BUG/ERR: wrong error in DataFrame.drop with non-unique datetime index + invalid keys · Issue #30399 · pandas-dev/pandas (original) (raw)
Consider this example, where there is a DataFrame with a non-unique DatetimeIndex:
In [8]: df = pd.DataFrame(np.random.randn(5, 3), columns=['a', 'b', 'c'], index=pd.date_range("2012", freq='H', periods=5))
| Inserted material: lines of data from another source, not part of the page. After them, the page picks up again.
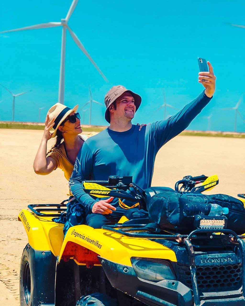 Após o almoço a aventura será de quadrículo, percorrendo uma incrível trilha a beira mar, e por diferentes cenários até chegar nas incríveis dunas dos Pequenos Lençóis, onde a aventura se intensifica por um grande campo de dunas e entre as enormes torres de energia eólica, e claro, teremos paradas para se refrescar nas lagoas. Chegaremos a Barreirinhas entre 17:00 e 17:30, finalizando assim nossa aventura.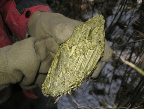 什么叫作“咬节”?大熊猫采食竹子时,一般是用臼齿从中间咬断,通过前掌抓握竹株,然后咬切成一定长度,快速咀嚼吞咽。而竹茎经过简单消化排出后,几乎仍然能保持原来的长度和形状,粪便中的这些竹茎被称为“咬节”。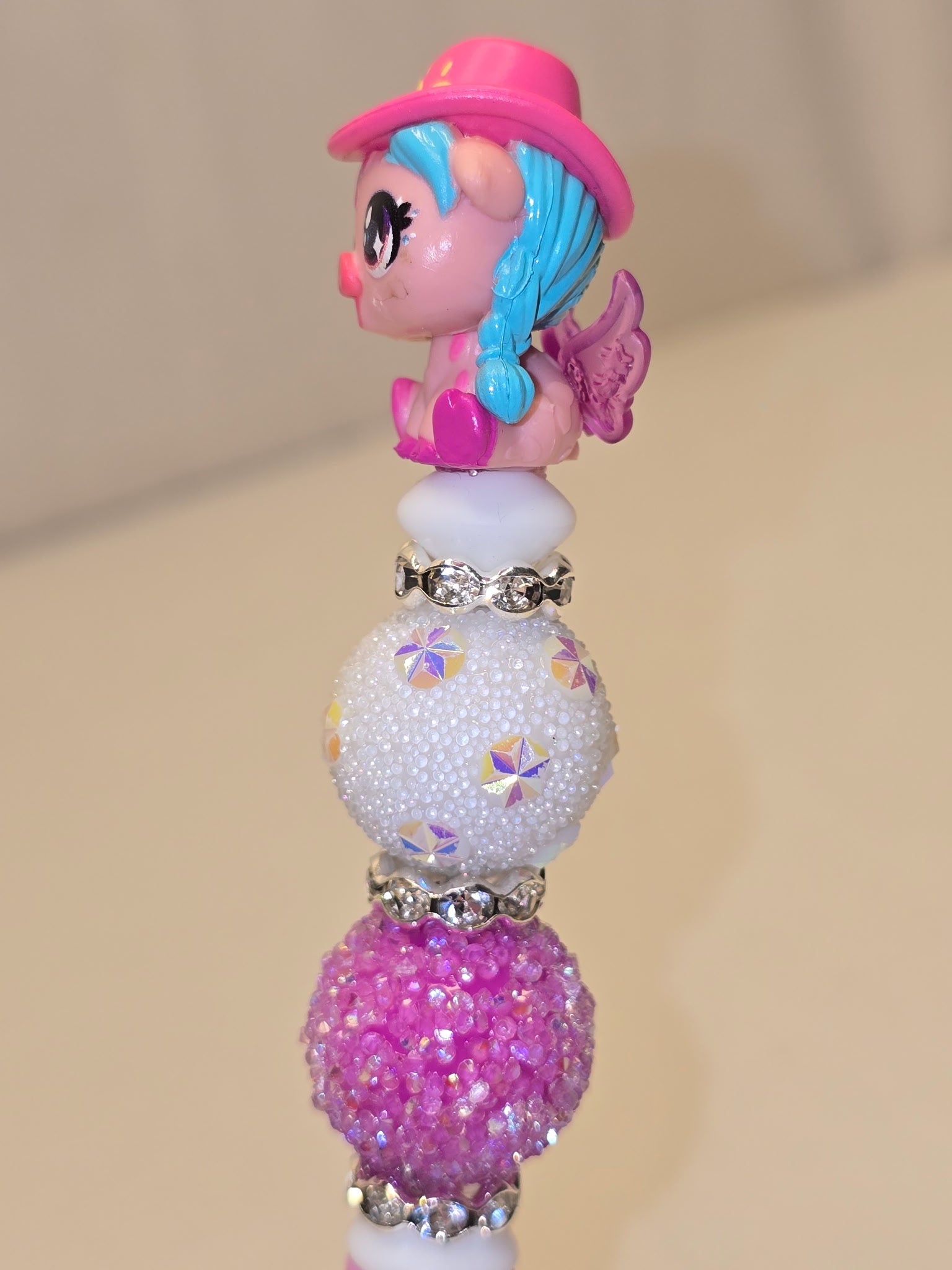 Introducing the Hatchimal Pen, a fun and functional writing tool for fans of these popular characters. The pen features a cute hatchimal character on top and sparkly beads underneath, adding a touch of whimsy to your writing experience. Express your love for hatchimals with every stroke!

In [9]: df = df.iloc[[0, 2, 2, 3]]
In [10]: df
Out[10]:
a b c
2012-01-01 00:00:00 -1.534726 -0.559295 0.207194
2012-01-01 02:00:00 -1.072027 0.376595 0.407512
2012-01-01 02:00:00 -1.072027 0.376595 0.407512
2012-01-01 03:00:00 0.581614 1.782635 -0.678197
If you then use drop
to drop some columns, but forget to specify columns=
or axis=1
(so you are actually dropping rows), you get a wrong error and very confusing error message:
In [10]: df.drop(['a', 'b'])
...
~/scipy/pandas/pandas/core/indexes/base.py in get_indexer_non_unique(self, target)
4559 tgt_values = target._ndarray_values
4560
-> 4561 indexer, missing = self._engine.get_indexer_non_unique(tgt_values)
4562 return ensure_platform_int(indexer), missing
4563
~/scipy/pandas/pandas/_libs/index.pyx in pandas._libs.index.IndexEngine.get_indexer_non_unique()
TypeError: 'NoneType' object is not iterable
Tested with pandas 0.25 and pandas master.